2666

de Roberto Bolano

28 octobre 2015 - 0 commentaires

2666 (couverture)

Son Nocturne du Chili m’avait tellement plu avec ce ton monocorde pour raconter les derniers instants d’un prêtre cloué au lit tentant tant bien que mal de justifier ses malfaisances passées que je me suis lancée dans ce 2666 avec enthousiasme.  Et puis il fut tellement encensé à sa sortie que la perspective d’avoir entre les mains le dernier chef d’œuvre d’un auteur disparu trop tôt laissait entrevoir des jours, des nuits de bonheur intense. Ce ne fut pas une déception à proprement parlé, l’erreur m’en revenant complètement puisque je n’ai pris en compte que les critiques élogieuses, j’avoue que j’ai payé cette partialité par un ennui profond…pendant plus de mille pages. C’est long mille pages quand on avance à pas mesurés histoire de ne pas tomber dans le dégout. Franchement, si son style monotone convenait à la douloureuse confession de ce prêtre dans Nocturne du Chili, ici cette qualité devient un défaut exaspérant. Sans pour autant provoquer la colère chez le lecteur, un sentiment diffus de perte de temps s’installe confortablement et après il ne reste que l’humour et quelques espiègleries pour en venir à bout. Il n’était pas question d’abandonner, après tout tout le monde s’accorde à déclarer haut et fort que 2666 est un véritable prodige littéraire. Un point positif tout de même: décider de publier en un seul bloc ces cinq histoires est une bonne idée; séparément, l’intérêt du lecteur et les deux énigmes centrales de ce pavé  s’en seraient trouvés émoussés.

2666 pivote sur deux thèmes: celui de l’éventuelle et imminente nomination d’un obscure auteur allemand au prix Nobel de littérature et une série de meurtres dans la région de Sonora à la frontière du désert de l’Arizona.

Quatre universitaires européens liés par un indéfectible amour pour la littérature allemande et en particulier pour l’œuvre de l’un d’entre eux, Archimboldi, auteur discret et secret dont l’attitude rappelle celle d’un Pynchon face au public et à la presse, partent à sa recherche au Mexique sur la foi d’une rumeur de seconde main (la partie des critiques). De cette passion commune, seules les retrouvailles avec leur idole sauveraient les amours tristes et grises qui se tissent entre les quatre protagonistes. Amalfitano, professeur ayant perdu la fibre d’enseigner quoique ce soit à qui ce soit, les aide dans leur enquête. Mais Amalfitano a bien mieux à faire que ça. Son temps se partage entre l’examen de détérioration d’un livre suspendu à fil à linge, les souvenirs d’une épouse complètement folle dont il n’a que peu de nouvelles et une fille qu’il aimerait savoir à l’abri de ces meurtres et loin de cette racaille qu’elle fréquente (partie d’Amalfitano). Ah, ces meurtres dont on nous rabat les oreilles… 430 pages de litanies! Même les rares incursions hors « crimes » ne parviennent pas à étouffer ces bâillements d’ennui ( partie des crimes) mais on a la joie de rencontrer un jeune journaliste-reporteur spécialisé dans les sujets sociétaux qui, tout le temps où il travaille sur Detroit, vous offre une bouffée d’oxygène jusqu’à ce qu’il remplace un collègue pour un match de boxe qui se déroule où?
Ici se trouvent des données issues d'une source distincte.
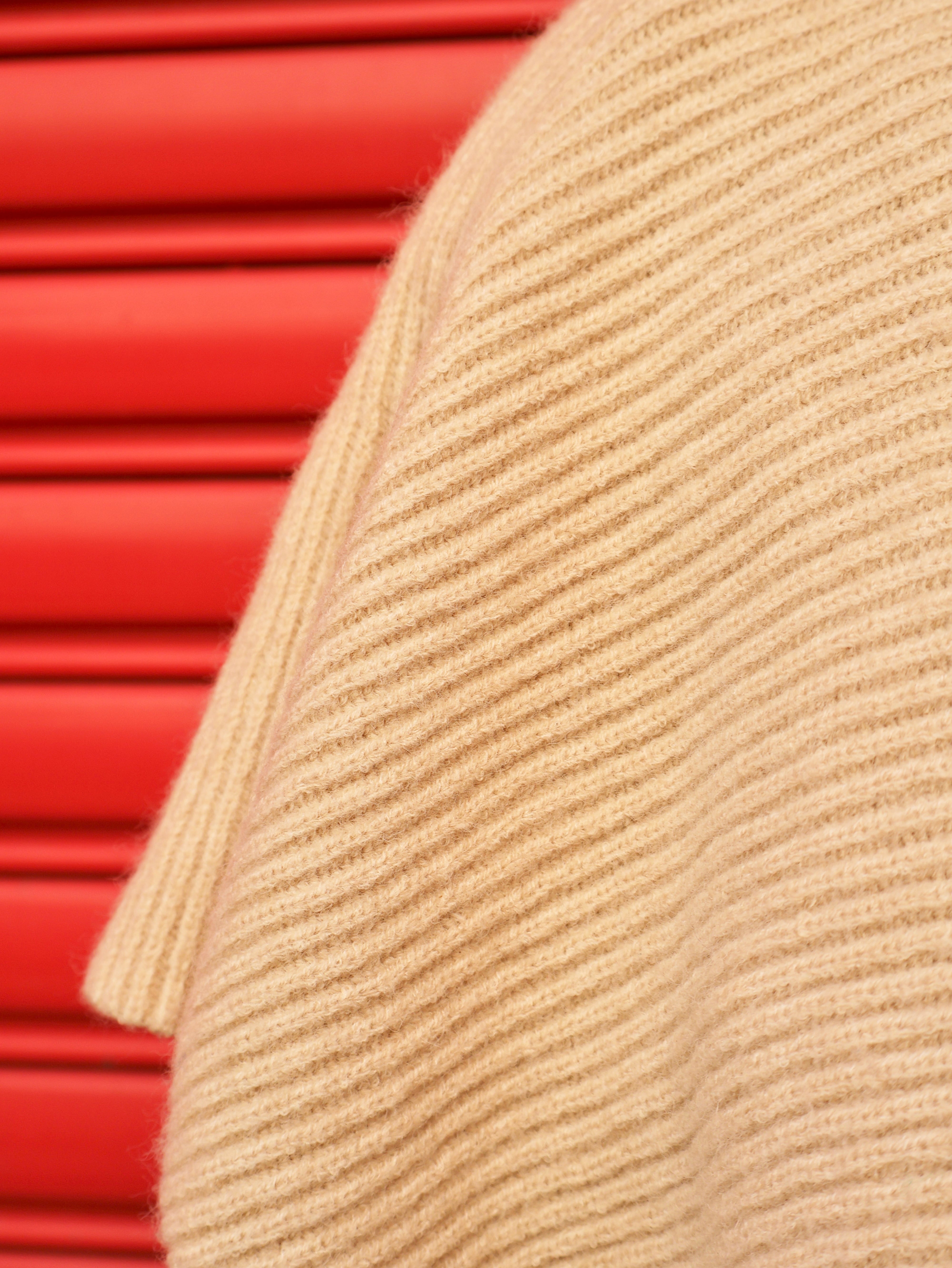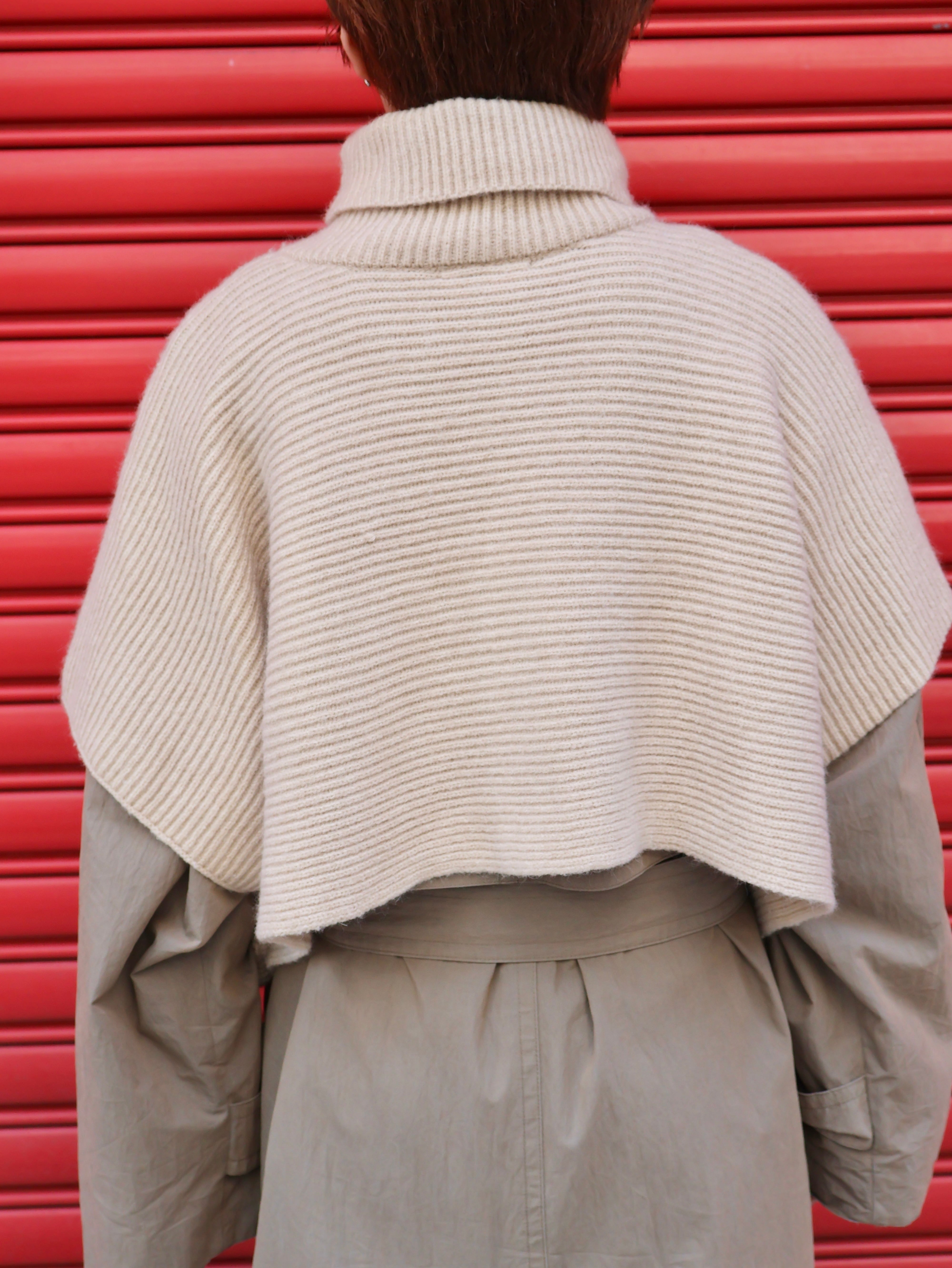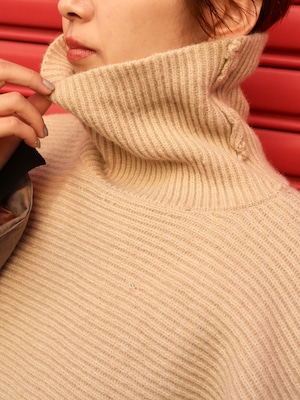 柔らかく暖かいリブニットのハイネックデザイントップス。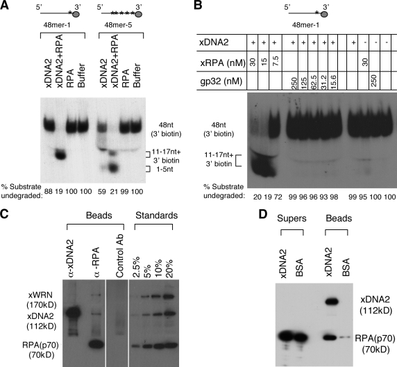 Figure 4. Functional and physical interactions between RPA and xDNA2. (A) The effect of RPA on xDNA2’s 5′→3′ exonuclease activity against two different single-stranded oligonucleotides. The substrates were labeled with 32P-labeled dA (marked by the asterisks) and attached to Streptavidin paramagnetic beads via the 3′ biotin-dC. After incubation at room temperature for 1 h, the reactions were stopped with SDS-EDTA, boiled for 10 min, and separated on a 10% TAE-PAGE. The percentage of the substrate undegraded was relative to the total signal for each reaction. The sizes of the products were determined by separating on a sequencing gel (not depicted). (B) The effect of RPA and T4 gp32 on the nuclease activity of xDNA2. The substrate, 48mer-1 beads, was incubated with various proteins as indicated at room temperature for 1 h and analyzed similarly to that in A. (C) Coimmunoprecipitation of RPA and xDNA2. The immunoprecipitates were separated on an 8% SDS-PAGE, transferred to a polyvinylidene fluoride membrane, and probed for different proteins by Western blotting. For RPA, a rat antibody against the p70 subunit was used for Western blotting. Untreated cytosol was loaded at the indicated amounts to provide the standard for quantitation. White lines indicate that intervening lanes have been spliced out. (D) Interaction between the purified RPA and xDNA2. FLAG beads were precoated with either recombinant xDNA2 or BSA and then incubated with the purified RPA protein. The beads and supernatant fractions were analyzed similarly to that in C. xRPA, Xenopus RPA. Ab, antibody. |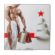 Navidades de SlipperyJoe comprando un árbol de espirales de papel blanco coronado por una vibrante estrella roja que golpea el tema de las vacaciones atrevida banda de escarlata corriendo horizontalmente sexy hombre muscular de pecho parcialmente vestido hoja de cama artística sin camisa regalo de tipo bolsos de compras estacionales regalos de orgullo gay alegrías LGBTQIA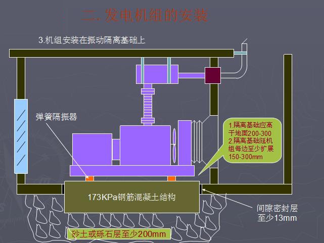 3. 機(jī)組安裝在振動(dòng)隔離基礎(chǔ)上: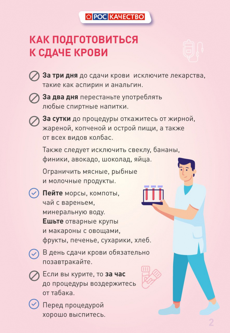 Важно за три дня до процедуры исключить употребление аспирина и анальгина, а за два дня — отказаться от алкоголя, а за день — убрать из рациона жирную, жареную, копчёную и острую еду. В список «запрещёнки» также входят: свёкла, бананы, финики, авокадо, шоколад, яйца, мясные, рыбные и молочные продукты. Нужно есть больше макарон, овощей, фруктов, пить морсы, компоты или чай с вареньем. Перед сдачей крови лучше хорошо поспать и позавтракать.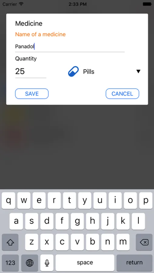 - creation of a medicine list — you can enter to the application names of drugs, their forms (tablets, capsules, etc.), number;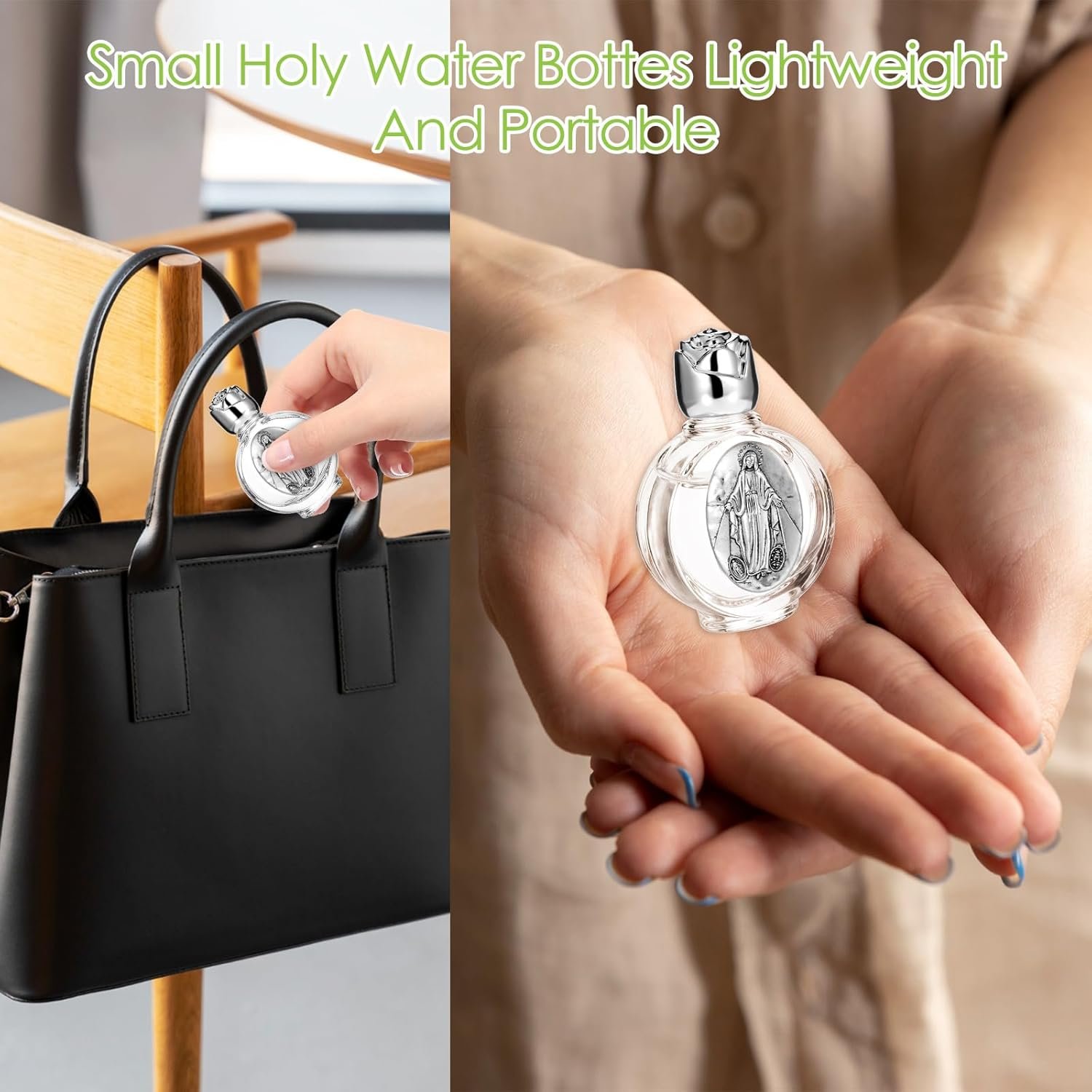 Mini Holy Water Bottle: measuring 2.5 inches tall by 1.8 inches wide by 1 inch thick, holds 0.5 floz of holy water; Small and lightweight, the holy water bottle is portable and easy to fill, fits in your handbag, and is suitable for travel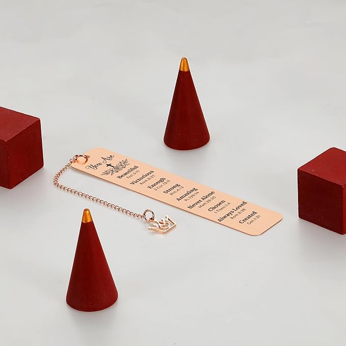 - Christian bookmark for women: Metal bookmark with chain and inspirational bible verse: "You Are Beautiful Eccl.3:11, Victorious Rom.8:37, Enough 2 Cor.12:9, Strong Phil.4:13, Amazing Ps.139:14,Never Alone Matt.28:20,Chosen 1 Thess.1:4, Always Loved Rom.8:38, Created Gen.1:31" . Bible bookmarks for women mom grandma stepmom families best friend coworkers female.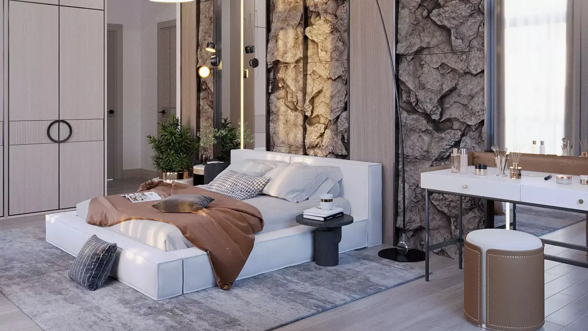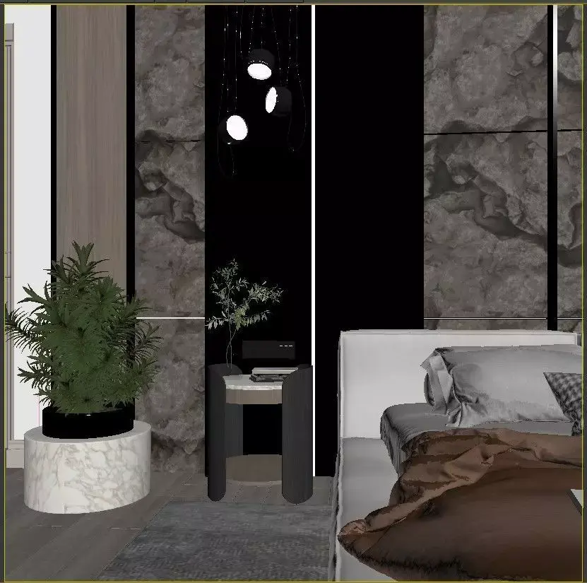 This is a high-quality Modern Bedroom interior design scene, created with a focus on comfort, realism, and contemporary aesthetics. The scene reflects a calm and elegant atmosphere, making it ideal for architectural visualization, interior design presentations, and client-ready renders.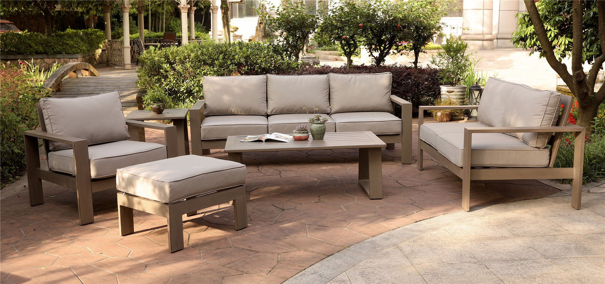 - All-Weather Comfort: Cushions are covered with 100% solution-dyed Olefin fabric, providing comfort in any weather condition.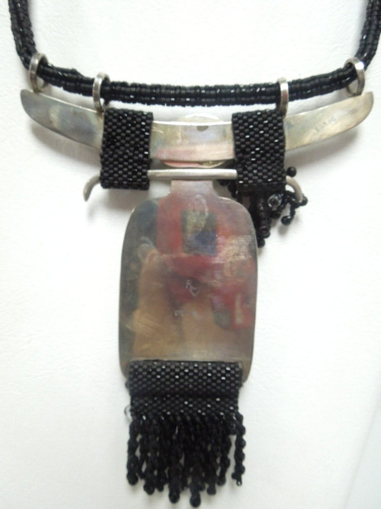 It is made with a whole fossil Trilobite ( measuring roughly 1.75 inches top to bottom), set into sterling silver and strung from an 15 inch (approx.) black beaded string.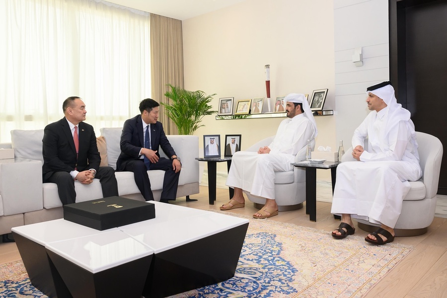 Doha, Qatar, May 22, 2025: The President of the Qatar Olympic Committee, HE Sheikh Joaan bin Hamad Al-Thani, met with Battushig Batbold, President of the Mongolian National Olympic Committee at the QOC headquarters in Doha on Wednesday, May 21.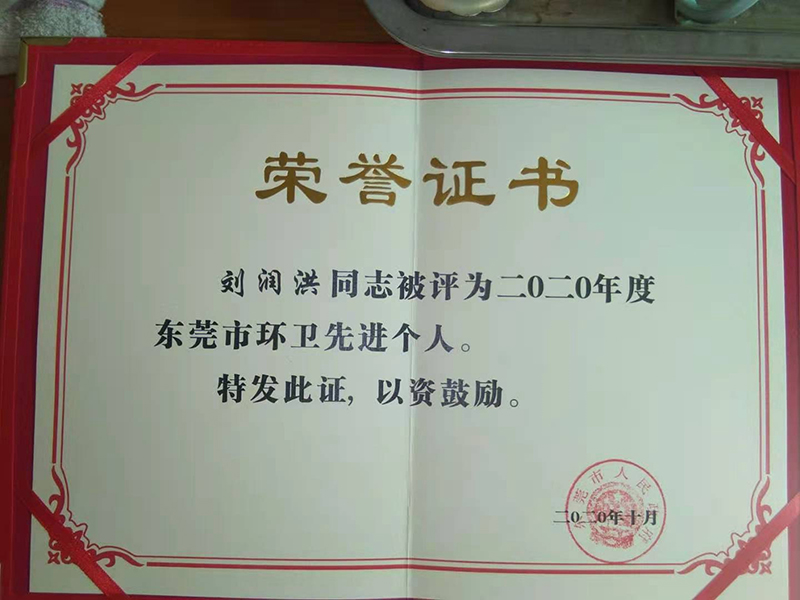 2020年10月1日,二O二O年度東莞市環(huán)衛(wèi)先進個人(劉潤洪)
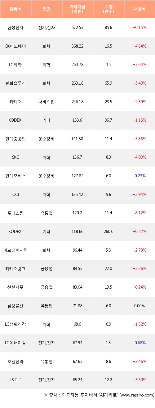 삼성전자, SK이노베이션, LG화학 등은 전일 대비 주가가 상승했고, 현대모비스, LG에너지솔루션 등은 주가가 하락했다.
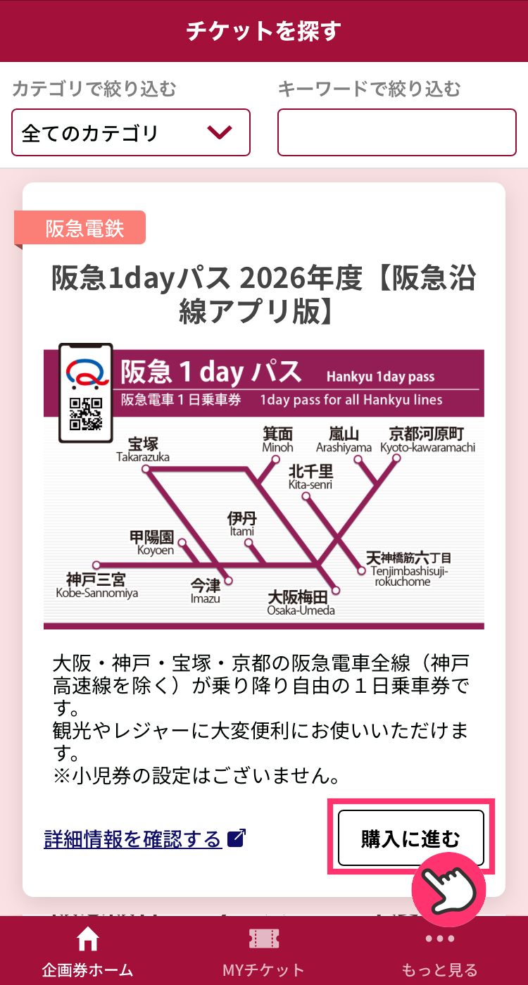 2「チケットを探す」ページをスクロールして、購入したいチケットの「購入に進む」をタップします。

A Santa Teresa, un joli petit coin de la région de Sonoma pour tout apprenti meurtrier (partie de Fate). Et enfin, le Saint Graal (la partie Archimboldi),où l’énigmatique auteur qui n’en finit pas de se dérober se révèlerait enfin et mettrait un terme à cette lecture poussive.

Des passages plairont comme ceux qui abordent la littérature, la portée de l’œuvre de certains écrivains, les difficiles relations et tentations des écrivains avec le pouvoir (il a une dent contre les auteurs chiliens visiblement), la relation à l’art. Sa tentative de maintenir une sorte de suspense avec tous ces crimes ne réussit pas à exalter l’esprit endormi du lecteur qui peine à justifier une curiosité soutenue durant plus de mille pages. C’est chiant d’un bout à l’autre mais au moment où l’on se décide à abandonner la lecture, un petit évènement nous pousse à continuer. L’envie de savoir, la curiosité et puis au 3/4 du livre, on se sent bête devant notre indifférence. Par orgueil, on en vient à bout. Mais il paraît que c’est un chef-d’œuvre lequel est passé sur mon insignifiante personne comme un pet sur une plaque d’huile. Par contre, le lire pour y pêcher des idées de lectures.

Entendons-nous, je n’ai pas détesté ce pavé, je ne l’ai pas aimé non plus, il est assommant c’est tout. Cette uniformité dans le ton lasse.

En vous souhaitant une bonne lecture.